Checking the Solution Against the Options
Okay, we've done the hard work, and we've found our solution. Now, let's compare our answer with the given options: A) 1/e, B) e, C) 1/e², D) 2e, E) 1. We calculated that x = 1/e. This matches option A. Therefore, the correct answer is A) 1/e. Congratulations, guys! We solved it! We found the value of x that satisfies the original equation, which is 1/e. We correctly found the solution by calculating the derivative of f(x), substituting it back into the equation, and solving for x.
We carefully considered all the steps, from understanding the problem and finding the derivative to substituting and simplifying the equation. It's a great feeling when everything comes together and you get the correct answer. This problem is a great example of how calculus concepts can be used to solve real-world problems. Keep practicing and you'll get better. Now you know how to solve these types of equations. Good luck, and thanks for joining me!

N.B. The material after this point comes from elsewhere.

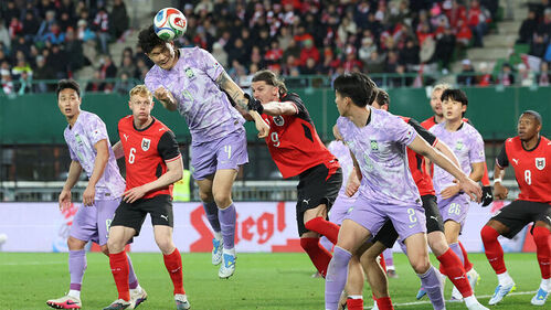 ▲ 오스트리아 빈 에른스트 하펠 스타디움에서 열린 한국 축구 국가 대표팀과 오스트리아의 평가전에서 김민재가 오스트리아 문전에서 헤딩슛을 시도하고 있다.

Conclusion: Final Thoughts
So there you have it! We've successfully navigated the equation x * f'(x) = 2f(x), where f(x) = x³ ln x, and found that x = 1/e. This problem highlights the importance of understanding derivatives, the product rule, and algebraic manipulation. By breaking down the problem into smaller, manageable steps, we were able to find the solution. Remember, practice is key when it comes to mastering calculus. Keep working on problems like this, and you'll become more and more comfortable with these concepts. The journey may seem tough, but the rewards are worth it. Hopefully, this detailed guide has been helpful. If you have any questions, feel free to ask. Happy calculating, and keep exploring the fascinating world of mathematics!

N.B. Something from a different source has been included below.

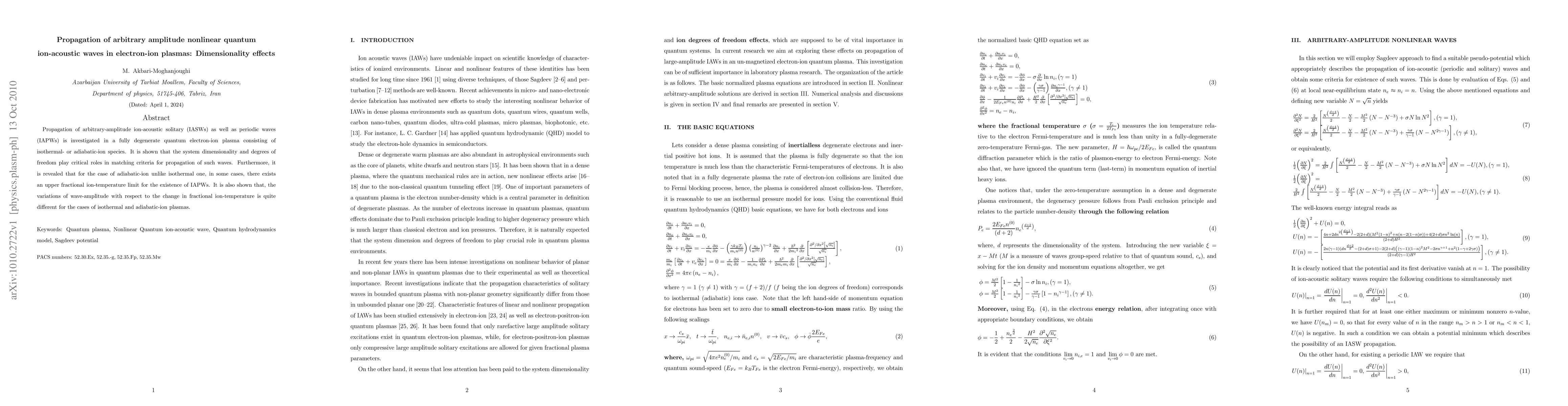 This paper investigates the propagation of nonlinear quantum ion-acoustic waves in electron-ion plasmas, highlighting the critical roles of system dimensionality and degrees of freedom in wave propagation. It also reveals that the existence of periodic ion-acoustic waves depends on the ion-temperature and differs between isothermal and adiabatic-ion plasmas.

In solving this problem, we not only applied calculus but also strengthened our problem-solving skills. These skills are valuable in various aspects of life, not just in mathematics. Remember to always break down complex problems into smaller parts and approach them systematically. This will help you to understand the concepts thoroughly. We found that using product rule is helpful to compute derivative easily. Overall, the solution to the equation x * f'(x) = 2f(x), where f(x) = x³ ln x, is x = 1/e. We hope that this tutorial was helpful and easy to understand. Keep practicing.